The results are the same as the authors.

TFs 63 Targets 937 Genes 1000 Possible Edges 59031 Imposed Edges 14055 GRN density Edges 0.238095

bazoogis commented 1 week ago

I have already modified grn_creation.py as per your suggestion:

def create_GRN(cfg: ConfigParser) -> None: """ Infers a GRN using GRNBoost2 and uses it to construct a causal graph to impose onto GRouNdGAN.

Parameters
----------
cfg : ConfigParser
    Parser for config file containing GRN creation params.
"""
real_cells = sc.read_h5ad(cfg.get("Data", "train"))
real_cells_val = sc.read_h5ad(cfg.get("Data", "validation"))
real_cells_test = sc.read_h5ad(cfg.get("Data", "test"))

# find TFs that are in highly variable genes
gene_names = real_cells.var_names.tolist()
TFs = pd.read_csv(cfg.get("GRN Preparation", "TFs"), sep="\t")["Symbol"]
TFs = list(set(TFs).intersection(gene_names))

# preparing GRNBoost2's input
#real_cells_df = pd.DataFrame(real_cells.X, columns=real_cells.var_names)
real_cells_df = pd.DataFrame.sparse.from_spmatrix(real_cells.X, index=real_cells.obs_names, columns=real_cells.var_names)

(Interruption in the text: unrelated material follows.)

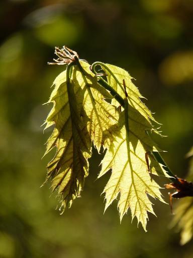 Keywords: maple leaf tree leaves forest nature green leaves branch maple leaves back light spring new tender shine through

# we can optionally pass a list of TFs to GRNBoost2
print(f"Using {len(TFs)} TFs for GRN inference.")
real_grn = grnboost2(real_cells_df, tf_names=TFs, verbose=True, seed=1)
real_grn.to_csv(cfg.get("GRN Preparation", "Inferred GRN"))

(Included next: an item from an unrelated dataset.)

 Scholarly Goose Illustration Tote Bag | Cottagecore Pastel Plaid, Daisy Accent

However, the same error persists:

finished Traceback (most recent call last): File "/home/vzogop/GRouNdGAN/src/main.py", line 41, in grn_creation.create_GRN(cfg_parser) File "/home/vzogop/GRouNdGAN/src/preprocessing/grn_creation.py", line 35, in create_GRN real_grn = grnboost2(real_cells_df, tf_names=TFs, verbose=True, seed=1) File "/home/vzogop/miniconda3/envs/myenv/lib/python3.9/site-packages/arboreto/algo.py", line 39, in grnboost2 return diy(expression_data=expression_data, regressor_type='GBM', regressor_kwargs=SGBM_KWARGS, File "/home/vzogop/miniconda3/envs/myenv/lib/python3.9/site-packages/arboreto/algo.py", line 120, in diy graph = create_graph(expression_matrix, File "/home/vzogop/miniconda3/envs/myenv/lib/python3.9/site-packages/arboreto/core.py", line 450, in create_graph all_meta_df = from_delayed(delayed_meta_dfs, meta=_META_SCHEMA) File "/home/vzogop/miniconda3/envs/myenv/lib/python3.9/site-packages/dask_expr/io/_delayed.py", line 101, in from_delayed raise TypeError("Must supply at least one delayed object") TypeError: Must supply at least one delayed object

Could the error be attributed to a mismatch n the installed packages versions?